>>>

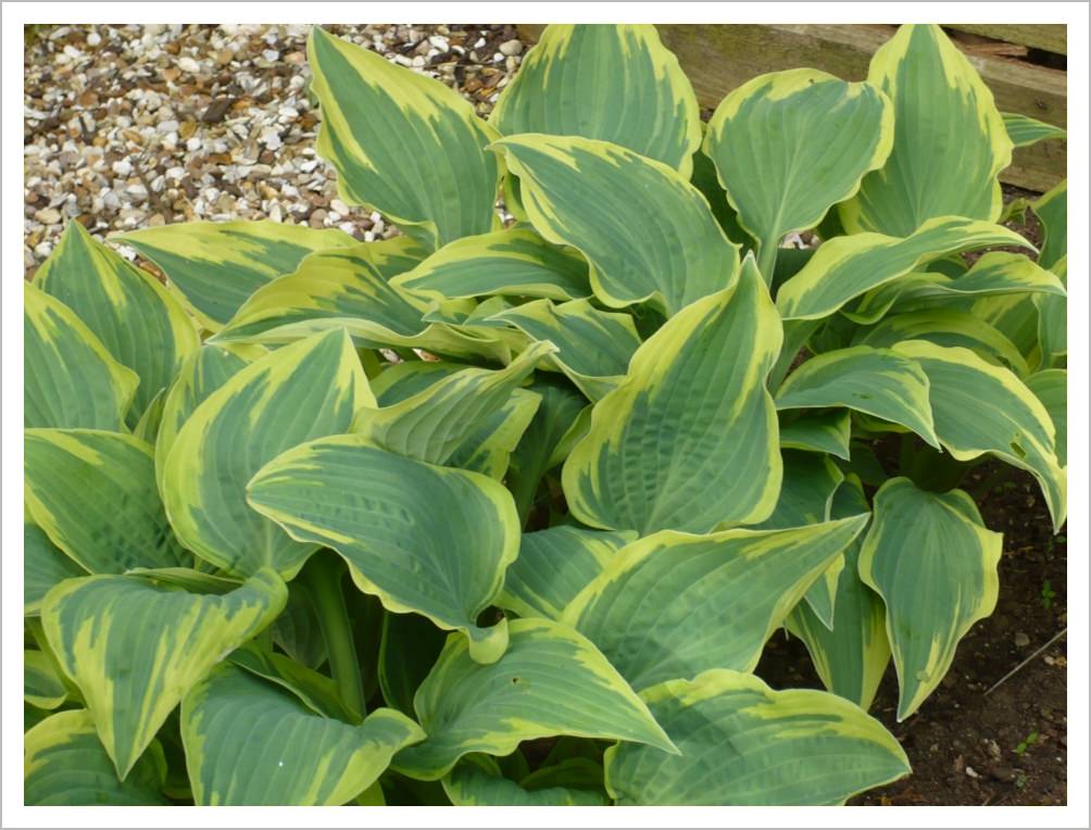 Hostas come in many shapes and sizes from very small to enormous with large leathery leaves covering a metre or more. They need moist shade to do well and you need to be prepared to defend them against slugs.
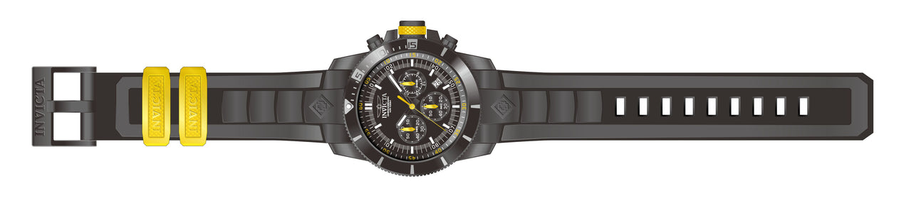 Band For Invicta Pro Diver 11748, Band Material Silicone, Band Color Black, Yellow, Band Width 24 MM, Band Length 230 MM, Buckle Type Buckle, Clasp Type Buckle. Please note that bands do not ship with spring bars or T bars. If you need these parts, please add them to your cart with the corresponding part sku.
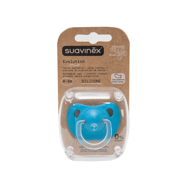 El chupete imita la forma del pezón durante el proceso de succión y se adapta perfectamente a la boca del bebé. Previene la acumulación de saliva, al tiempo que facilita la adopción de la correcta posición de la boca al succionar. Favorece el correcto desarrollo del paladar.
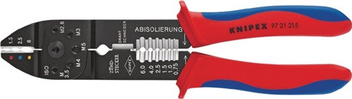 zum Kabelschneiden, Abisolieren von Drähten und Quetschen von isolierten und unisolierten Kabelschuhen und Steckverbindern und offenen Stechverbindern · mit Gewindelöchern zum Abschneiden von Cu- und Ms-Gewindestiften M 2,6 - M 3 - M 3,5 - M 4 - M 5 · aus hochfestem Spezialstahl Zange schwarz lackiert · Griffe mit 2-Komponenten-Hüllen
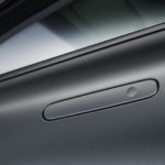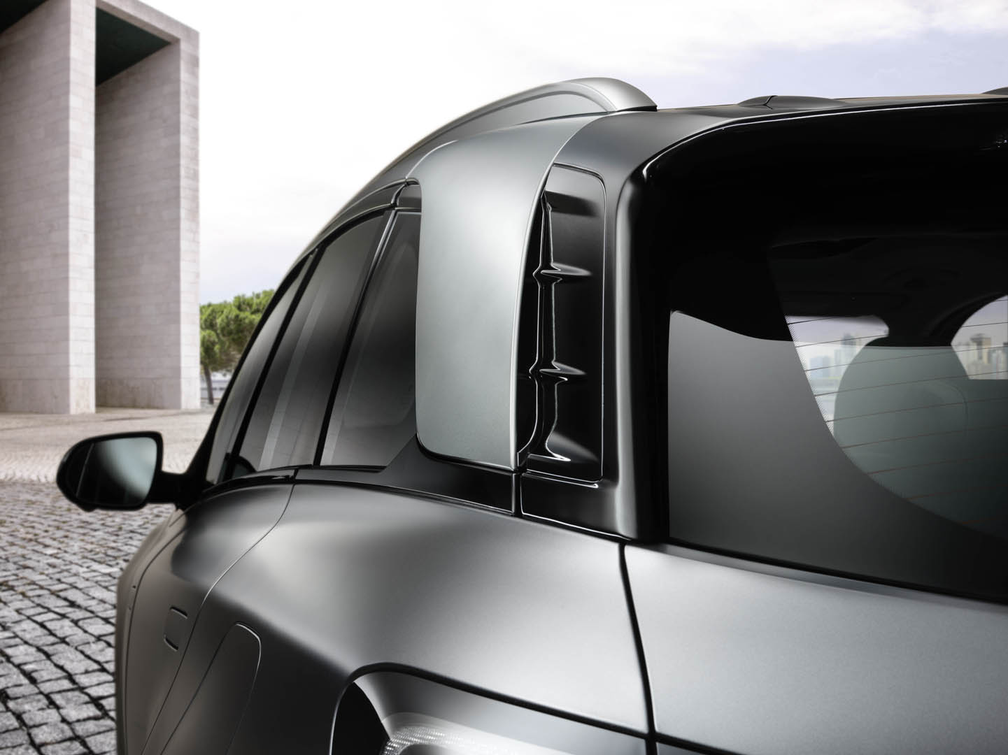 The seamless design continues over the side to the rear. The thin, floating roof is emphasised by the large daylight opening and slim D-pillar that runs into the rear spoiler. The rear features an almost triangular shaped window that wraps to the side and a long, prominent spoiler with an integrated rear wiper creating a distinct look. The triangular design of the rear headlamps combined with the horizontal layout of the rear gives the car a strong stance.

<<<

- _ASSIGNED TASK_:
Nothing but an exact repeat of the records, pictures excluded, belongs in the answer.

- _EXPECTED OUTPUT_:
 Hostas come in many shapes and sizes from very small to enormous with large leathery leaves covering a metre or more. They need moist shade to do well and you need to be prepared to defend them against slugs.
 Band For Invicta Pro Diver 11748, Band Material Silicone, Band Color Black, Yellow, Band Width 24 MM, Band Length 230 MM, Buckle Type Buckle, Clasp Type Buckle. Please note that bands do not ship with spring bars or T bars. If you need these parts, please add them to your cart with the corresponding part sku.
 El chupete imita la forma del pezón durante el proceso de succión y se adapta perfectamente a la boca del bebé. Previene la acumulación de saliva, al tiempo que facilita la adopción de la correcta posición de la boca al succionar. Favorece el correcto desarrollo del paladar.
 zum Kabelschneiden, Abisolieren von Drähten und Quetschen von isolierten und unisolierten Kabelschuhen und Steckverbindern und offenen Stechverbindern · mit Gewindelöchern zum Abschneiden von Cu- und Ms-Gewindestiften M 2,6 - M 3 - M 3,5 - M 4 - M 5 · aus hochfestem Spezialstahl Zange schwarz lackiert · Griffe mit 2-Komponenten-Hüllen
 The seamless design continues over the side to the rear. The thin, floating roof is emphasised by the large daylight opening and slim D-pillar that runs into the rear spoiler. The rear features an almost triangular shaped window that wraps to the side and a long, prominent spoiler with an integrated rear wiper creating a distinct look. The triangular design of the rear headlamps combined with the horizontal layout of the rear gives the car a strong stance.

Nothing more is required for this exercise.